The U.S. Supreme Court will hear oral arguments Monday in a New York City gun case that the justices could toss out because there no longer is an issue on the table for them to decide. Or they could lurch to the other extreme and hold that the 2nd Amendment confers a personal right to carry a firearm in public. For once, we hope the court takes the easy way out and drops the case rather than giving the 5-4 conservative majority a chance to dangerously expand the scope of the 2nd Amendment.
At issue is a New York City restriction that barred people who owned a handgun under a “premises license” from taking the gun from their home (or business) unless they carried it unloaded and unlocked to any of seven firing ranges within the city. That meant they could not carry a legally owned weapon out of the city for practice at ranges, to be used in shooting competitions, or to accompany the owner to a second home to be used for self-protection there.
The city argued that it had a broad interest in preserving public safety by ensuring firearms licensed for use in the home stayed there. While we sympathize with the goal of keeping firearms off the streets, the means that New York City concocted were ill-conceived and restrictive to the point of silliness. Regrettably, but predictably, that restriction drew a challenge by gun-rights advocates.
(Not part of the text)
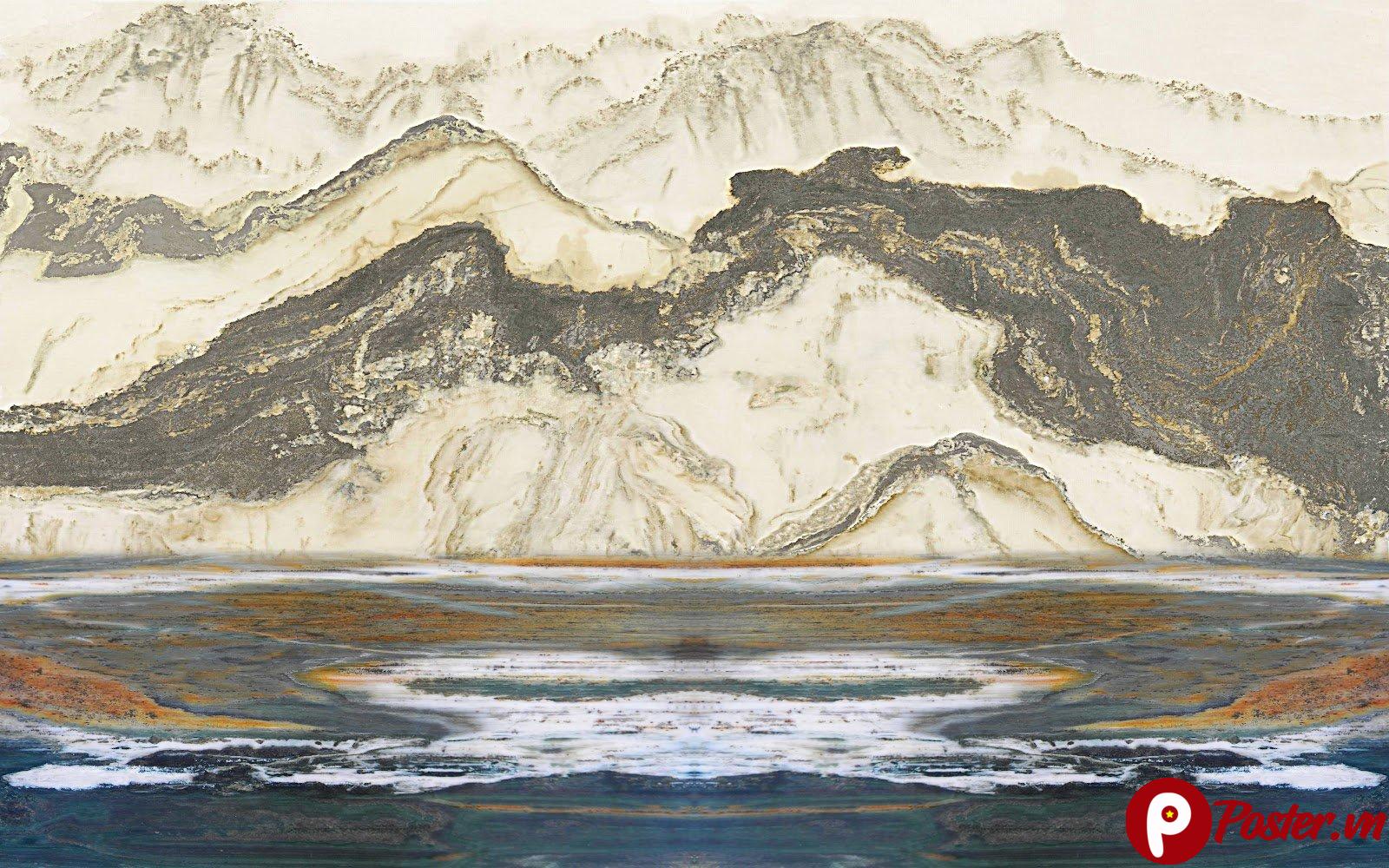 Tranh Vân Đá Trừu Tượng Đẹp: Mẫu tranh vân đá trừu tượng với phong cách thủy mặc hiện đại, dung hòa giữa nét hùng vĩ của núi non và sự tĩnh lặng của nước, phù hợp cho trang trí nội thất cao cấp.

A federal district court judge and the 2nd Circuit Court of Appeals ruled for the city. The plaintiffs appealed to the Supreme Court in hopes of persuading the justices to expand the court’s 2008 decision in District of Columbia vs. Heller and recognize an individual right to carry a firearm for self-protection in public. The high court took the case in January; seeing the danger ahead, the city and state of New York subsequently changed the restrictions to let gun owners carry their weapons — still locked and unloaded — out of the city. The city then asked the Supreme Court to drop the case.
The court demurred, so Monday’s arguments will be about whether the court should even consider the case — technically, whether New York’s rescission of the restrictions made the issue moot — and if it should, whether the ban conflicts with the 2nd Amendment, the Commerce Clause and the right to travel.
The latter issues hang on arcane points. New York argues, for instance, that its restriction didn’t interfere with anyone’s right to travel. It just barred travelers from taking the gun licensed to their home or office with them. The city’s lawyers also assert that restricting the ability to transport guns met a legitimate government concern: maintaining public safety and reducing the presence of guns on streets.
The more significant issue is the 2nd Amendment. The court could — and often does — issue narrow rulings in cases before it. But the fear among gun control advocates is that the conservative majority will use this case to rule that the 2nd Amendment right to bear arms for self-protection need not be limited to one’s residence.
We disagree at a fundamental level with the Heller decision, which upended decades of jurisprudence that the 2nd Amendment conferred a right for Americans to keep arms collectively — in militias, for instance. In Heller’s 5-4 majority opinion written by Justice Antonin Scalia, the court ruled that “there seems to us no doubt, on the basis of both text and history, that the 2nd Amendment conferred an individual right to keep and bear arms.” And, the court ruled, the right to self-defense has a long history. But it also said that the government has a legitimate interest in reasonable regulations governing who can buy and carry guns, and restricting them from sensitive locations.
But where and how can that right to own a gun for self-defense be exercised? And does carrying a firearm in public add to one’s ability to fend off a bad guy? It seems not, judging by studies that find increased gun violence in states that have right-to-carry laws. A more heavily armed America, with people carrying firearms everywhere they go, is not a safer America. Unfortunately, the conservative majority on the court, with its reliance on its own perceptions of the Founders’ original intent, could subordinate public safety to whatever individual right it believes the 2nd Amendment confers. It would be much better for the court to decide that since the New York City restrictions have gone away, so, too, should this case.